世界の揺り戻しと、選ばれる東南アジア──移住・投資戦略の現実解

近年、アメリカや欧州における社会的・政治的な揺り戻しが顕著になってきています。かつては自由や多様性、開かれた社会の象徴とされていたこれらの地域で、移民や外国人観光客に対する排除の動きが強まり、制度的にも精神的にも”壁”が築かれつつあるのが現状です。

アメリカと欧州の排他的変化

アメリカでは、2025年1月にトランプ政権が発足し、外国人入国に関する規制が一層強化されました。安全保障を理由に、移民審査の厳格化、性別に関するID制限、旅行者への入国前登録の義務付けなどが進められ、カナダや欧州の一部諸国は自国民にアメリカへの渡航注意を呼びかけています。

欧州も同様に、シリア危機以降の難民受け入れによって表面化した社会統合の問題や治安不安から、移民・難民政策の見直しが進んでいます。ドイツ、スウェーデン、フランスなどで外国人排斥的な言説が強まり、難民の再入国制限、国外退去措置の強化などが行われています。

また、欧州ではゴールデンビザ(投資移民制度)にも逆風が吹いています。地元住民による不動産価格高騰への不満や、富裕層優遇への反感から、ポルトガルやアイルランドでは既に制度が縮小・廃止され、ギリシャなども基準の厳格化を進めています。

さらには観光公害(オーバーツーリズム)への反発も無視できません。バルセロナやアムステルダム、ヴェネツィアでは、観光客への風当たりが強くなり、抗議デモや入場料の導入、短期滞在の制限などが実施されるようになりました。
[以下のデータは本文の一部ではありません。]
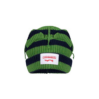 052132703 Supersized Chunky Ears Beanie (Green/Navy Stripe) OS 80% Wool 20% Nylon Green/Navy Stripe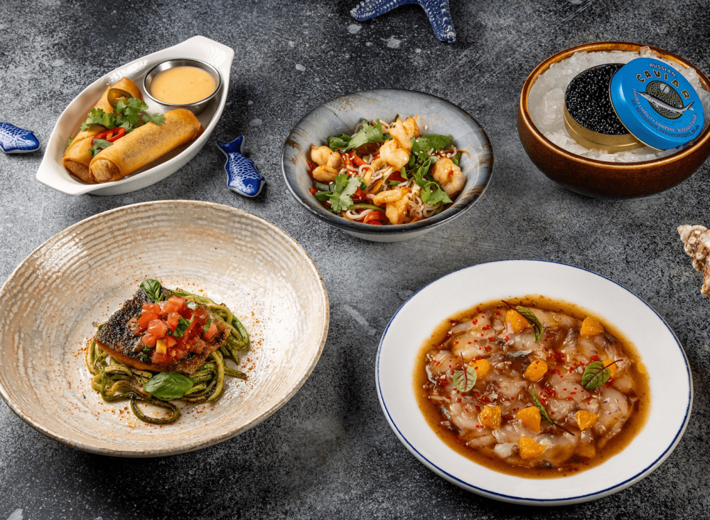 • Севиче из сибаса: тонкие слайсы свежайшей рыбы с цитрусовым акцентом и фирменным соусом.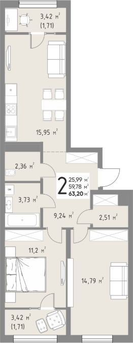 Продается 2-комнатная квартира площадью 63,2 кв. м на 4 этаже в новом современном клубном квартале от строительной компании "КОНТИНЕНТ ГРУПП".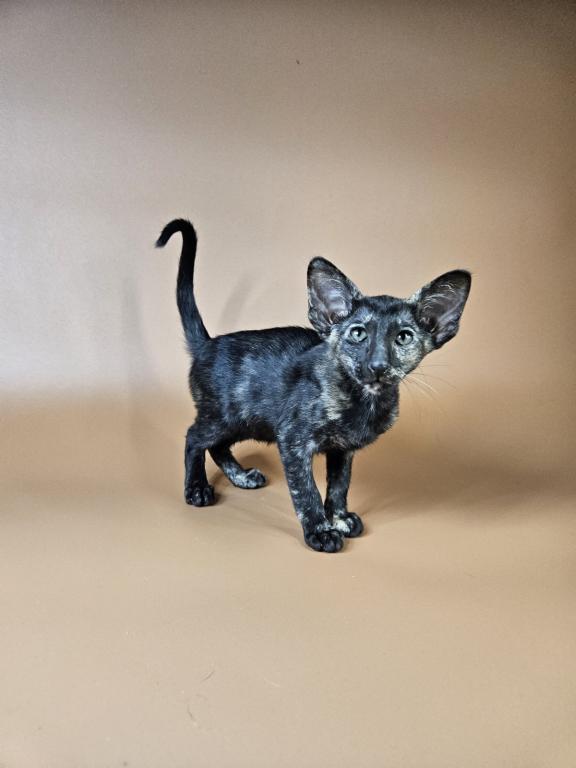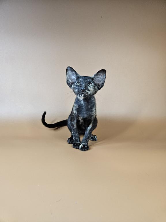 Meet Melanka, an elegant Oriental kitten with a striking coat and large, expressive ears. This kitten is affectionate, playful, and ready to become a loyal family companion.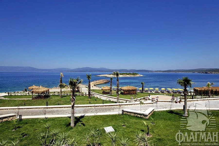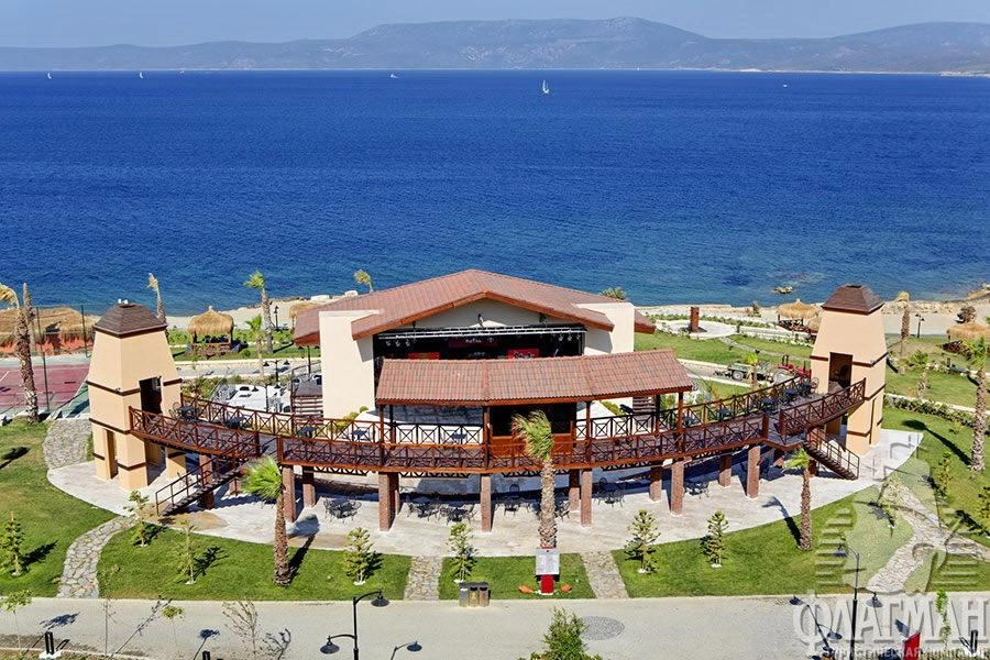 Расположен в 55 км от аэропорта г. Измир, в 30 км от центра г. Измир, в 80 км от центра г. Кушадасы, в поселке Сеферихисар, на берегу моря.
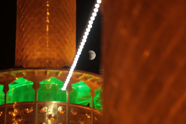 وثقت عدسات كاميرات وكالة نون الخبرية الفوتوغرافية والفيديوية مساء اليوم الاحد السابع من شهر ايلول الجاري الموافق الرابع عشر من شهر ربيع الاول الهجري منذ بداية الخسوف عند الساعة السابعة والنصف مساء تقريبا ولغاية حصول الخسوف الكلي قبل الساعة التاسعة مساء، وقد اقيمت صلاة الآيات في العتبتين المقدستين ورفع المصلون بعدها اكفهم مع قراءة الادعية المخصوصة الواردة عن ائمة الهدي من اهل بيت النبوة ( سلام الله عليهم اجمعين).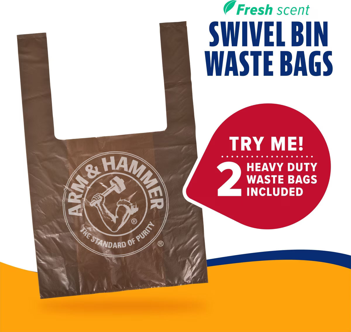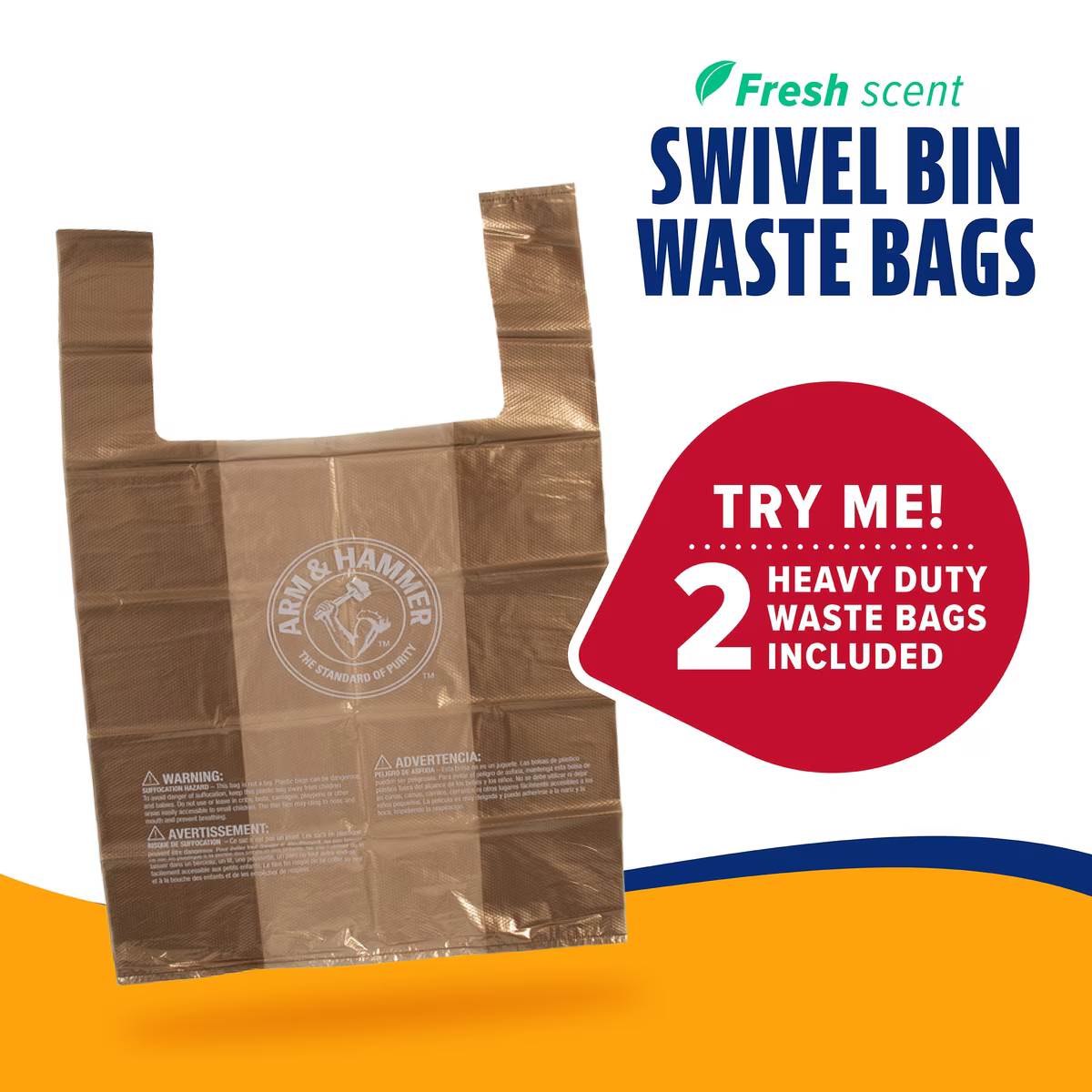 Two bonus waste bags included that are infused with activated baking soda to neutralize odors and leave a fresh scent. Compatible with Arm & Hammer heavy duty waste bags.

これらの要素は、投資家や移住希望者にとって治安・制度・社会受容性といった多方面のリスクとなり、「今は欧米圏に根を張るべきか」という問いを突き付けます。

東南アジア・ドバイという現実的な選択肢

一方、こうした世界的な流れに逆行するかのように、東南アジアや中東ではむしろ外国人の受け入れを強化・制度化する動きが見られます。

シンガポール

高度人材や投資家、企業経営者向けに複数のビザ制度(ONE Pass、EP、GIP)を整備し、富裕層の長期滞在や法人設立も積極的に受け入れています。治安が良く、税制が安定し、教育や医療の水準も高いため、家族移住にも適しています。

マレーシア

MM2HやプレミアムMM2Hなどの長期滞在制度があり、生活コストの低さと英語環境の広がりが魅力。2026年から海外所得への課税が始まる予定ではありますが、それまでは依然として高い自由度が維持されています。

タイ

LTRビザにより、富裕層、リタイア層、リモートワーカーなどに最大10年の滞在を認めています。生活費の安さ、気候の良さ、医療観光などが支持を集めています。

ドバイ(UAE)

世界屈指の税制優遇地として、富裕層やデジタルノマドの拠点として人気急上昇。ビザ制度も柔軟で、法人設立も容易。インフラも非常に整備されており、英語が広く通じる環境はビジネスにも生活にも安心感を与えます。

選択肢としての戦略的バランス

現在の世界は、短期的な制度変更や政治的な揺り戻しが頻繁に起きる不安定なフェーズにあります。そうした中で、東南アジアやドバイは「相対的にリスクが低く、柔軟で対応力が高い」地域として再評価されています。

今すぐ欧米で拠点を築くよりも、まずは東南アジアや中東で安全と安定を確保し、世界情勢が落ち着くまで待機しながら拠点を柔軟に動かす――これは非常に現実的で、持続可能な戦略です。

「どこにいるか」ではなく、「どこにでも動ける状態でいること」が資産を守り、人生の自由度を保つ鍵となる時代が来ているのかもしれません。